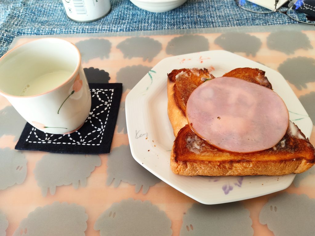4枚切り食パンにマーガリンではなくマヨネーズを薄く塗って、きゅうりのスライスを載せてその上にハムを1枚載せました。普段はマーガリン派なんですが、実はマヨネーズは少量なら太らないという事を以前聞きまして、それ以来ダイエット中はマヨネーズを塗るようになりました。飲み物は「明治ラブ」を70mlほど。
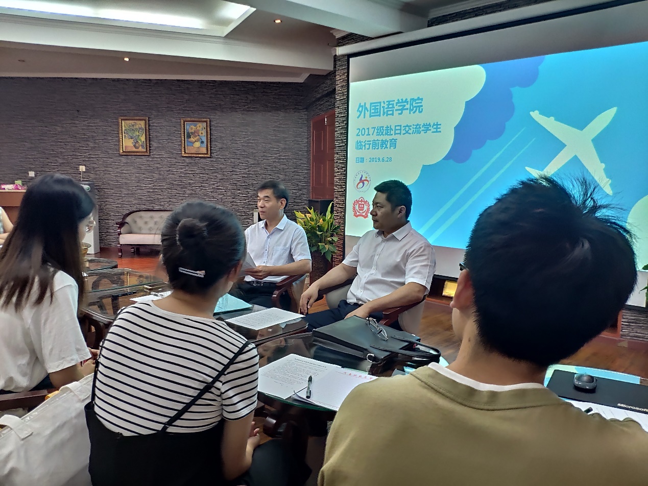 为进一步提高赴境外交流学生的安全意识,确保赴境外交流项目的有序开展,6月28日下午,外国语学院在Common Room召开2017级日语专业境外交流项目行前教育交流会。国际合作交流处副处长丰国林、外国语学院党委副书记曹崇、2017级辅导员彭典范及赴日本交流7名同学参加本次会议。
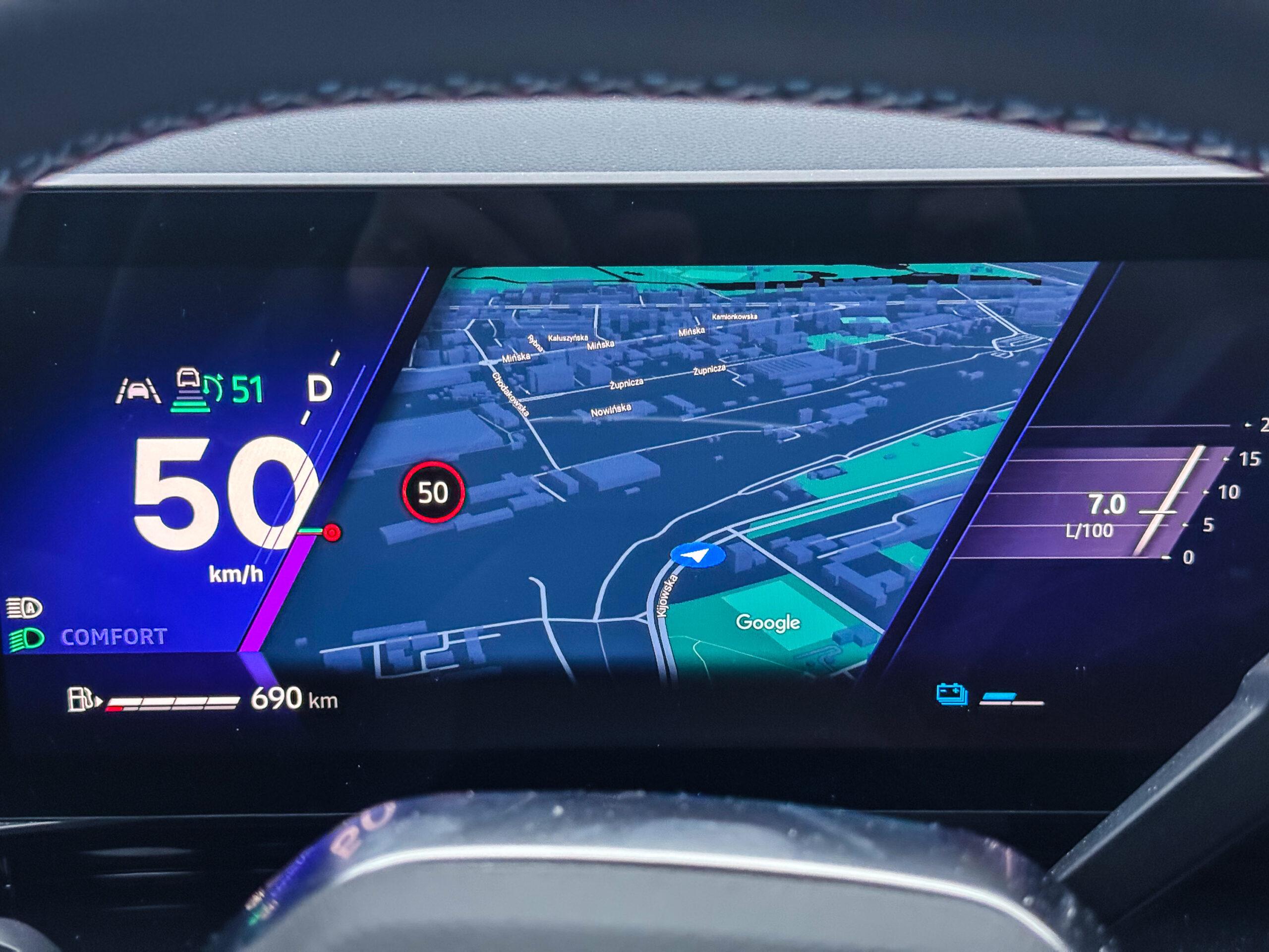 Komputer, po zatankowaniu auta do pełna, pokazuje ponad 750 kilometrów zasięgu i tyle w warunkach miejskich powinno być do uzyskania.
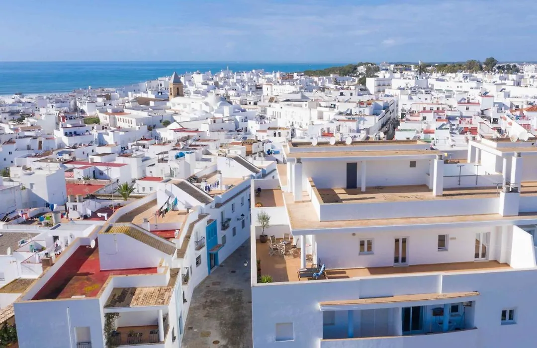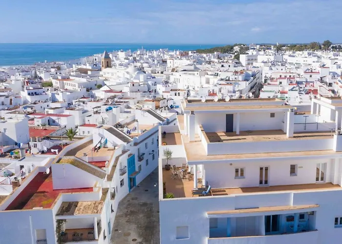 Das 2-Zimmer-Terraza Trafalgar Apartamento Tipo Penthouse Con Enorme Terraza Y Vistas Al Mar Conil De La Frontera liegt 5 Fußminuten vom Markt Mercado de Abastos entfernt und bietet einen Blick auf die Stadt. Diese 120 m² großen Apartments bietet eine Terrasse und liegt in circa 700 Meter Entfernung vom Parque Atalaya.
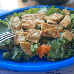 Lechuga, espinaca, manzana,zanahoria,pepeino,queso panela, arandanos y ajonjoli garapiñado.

| Task item |
Exactly repeat every line from the line that includes "Komputer, po zatankowaniu" to the end of the listing, and nothing else, leaving pictures out.

| Result of the task |
 Komputer, po zatankowaniu auta do pełna, pokazuje ponad 750 kilometrów zasięgu i tyle w warunkach miejskich powinno być do uzyskania.
 Das 2-Zimmer-Terraza Trafalgar Apartamento Tipo Penthouse Con Enorme Terraza Y Vistas Al Mar Conil De La Frontera liegt 5 Fußminuten vom Markt Mercado de Abastos entfernt und bietet einen Blick auf die Stadt. Diese 120 m² großen Apartments bietet eine Terrasse und liegt in circa 700 Meter Entfernung vom Parque Atalaya.
 Lechuga, espinaca, manzana,zanahoria,pepeino,queso panela, arandanos y ajonjoli garapiñado.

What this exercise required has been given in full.